(Items listed in a dataset)
....................
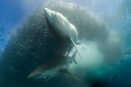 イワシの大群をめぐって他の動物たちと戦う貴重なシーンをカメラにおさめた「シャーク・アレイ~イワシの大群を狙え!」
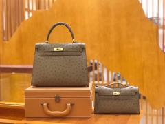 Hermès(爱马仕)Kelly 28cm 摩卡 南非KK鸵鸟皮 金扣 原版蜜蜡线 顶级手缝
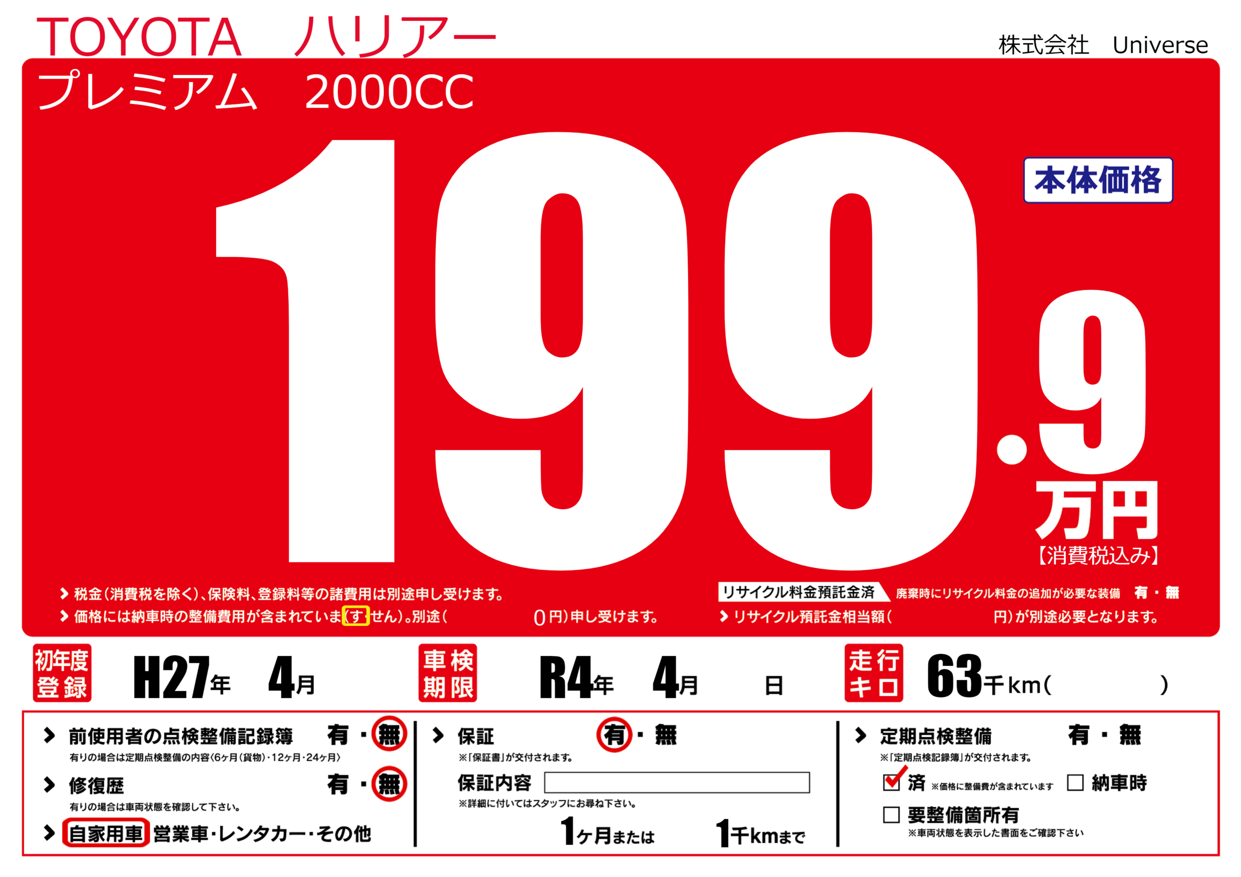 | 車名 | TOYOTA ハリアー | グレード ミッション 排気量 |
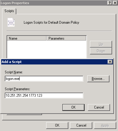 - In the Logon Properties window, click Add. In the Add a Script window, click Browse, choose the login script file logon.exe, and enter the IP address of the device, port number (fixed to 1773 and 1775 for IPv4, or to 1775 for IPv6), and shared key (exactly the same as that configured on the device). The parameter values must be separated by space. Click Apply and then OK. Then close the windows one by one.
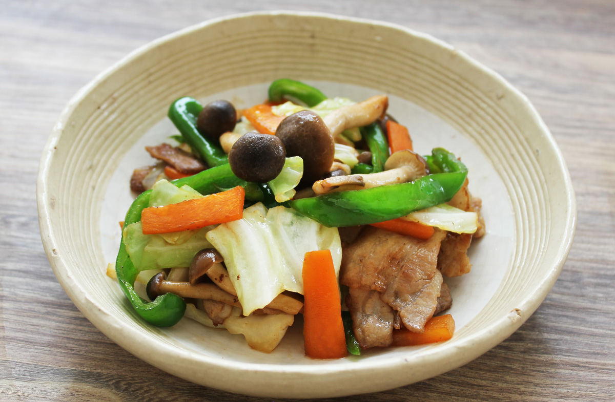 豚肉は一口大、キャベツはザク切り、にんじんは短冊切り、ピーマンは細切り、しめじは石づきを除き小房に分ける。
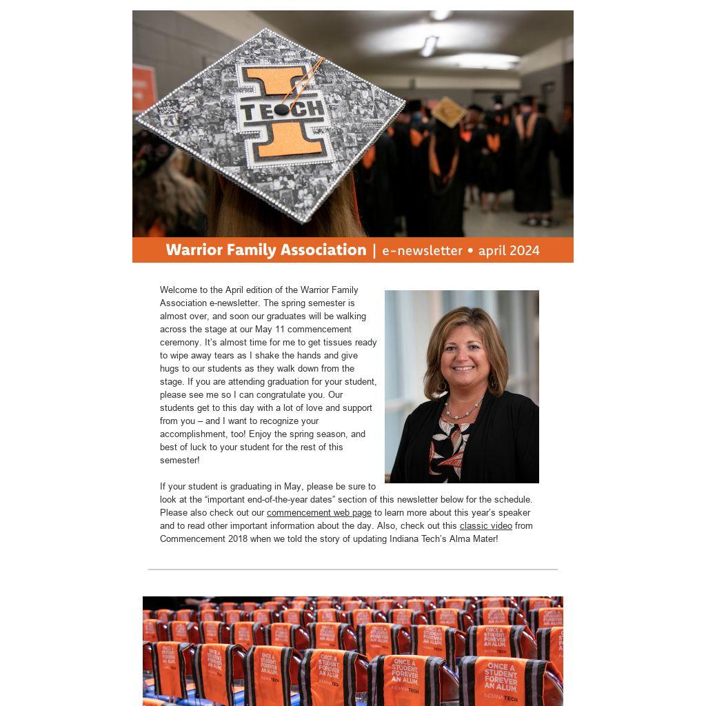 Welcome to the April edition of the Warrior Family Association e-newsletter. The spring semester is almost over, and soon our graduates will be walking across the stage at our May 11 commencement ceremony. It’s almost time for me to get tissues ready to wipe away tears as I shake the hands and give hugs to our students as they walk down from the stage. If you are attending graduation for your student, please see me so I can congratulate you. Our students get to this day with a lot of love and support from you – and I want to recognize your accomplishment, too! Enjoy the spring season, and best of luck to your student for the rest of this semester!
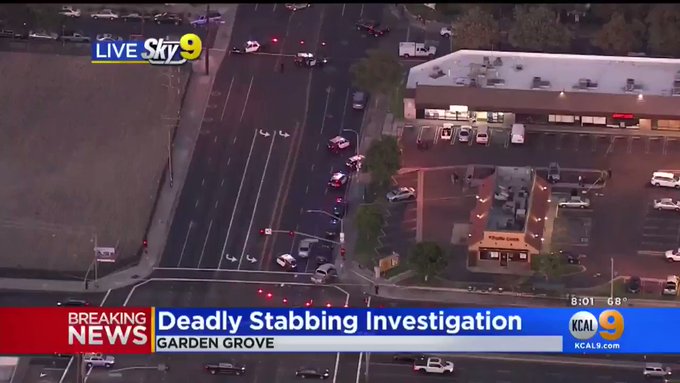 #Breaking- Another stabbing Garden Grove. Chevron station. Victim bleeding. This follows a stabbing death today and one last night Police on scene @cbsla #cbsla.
....................
## Work instructions
Set the pictures aside and reproduce exactly the lines above, from the line holding "- In the Logon" through the line holding "豚肉は一口大、キャベツはザク", both included, with nothing else.

## Answer area
 - In the Logon Properties window, click Add. In the Add a Script window, click Browse, choose the login script file logon.exe, and enter the IP address of the device, port number (fixed to 1773 and 1775 for IPv4, or to 1775 for IPv6), and shared key (exactly the same as that configured on the device). The parameter values must be separated by space. Click Apply and then OK. Then close the windows one by one.
 豚肉は一口大、キャベツはザク切り、にんじんは短冊切り、ピーマンは細切り、しめじは石づきを除き小房に分ける。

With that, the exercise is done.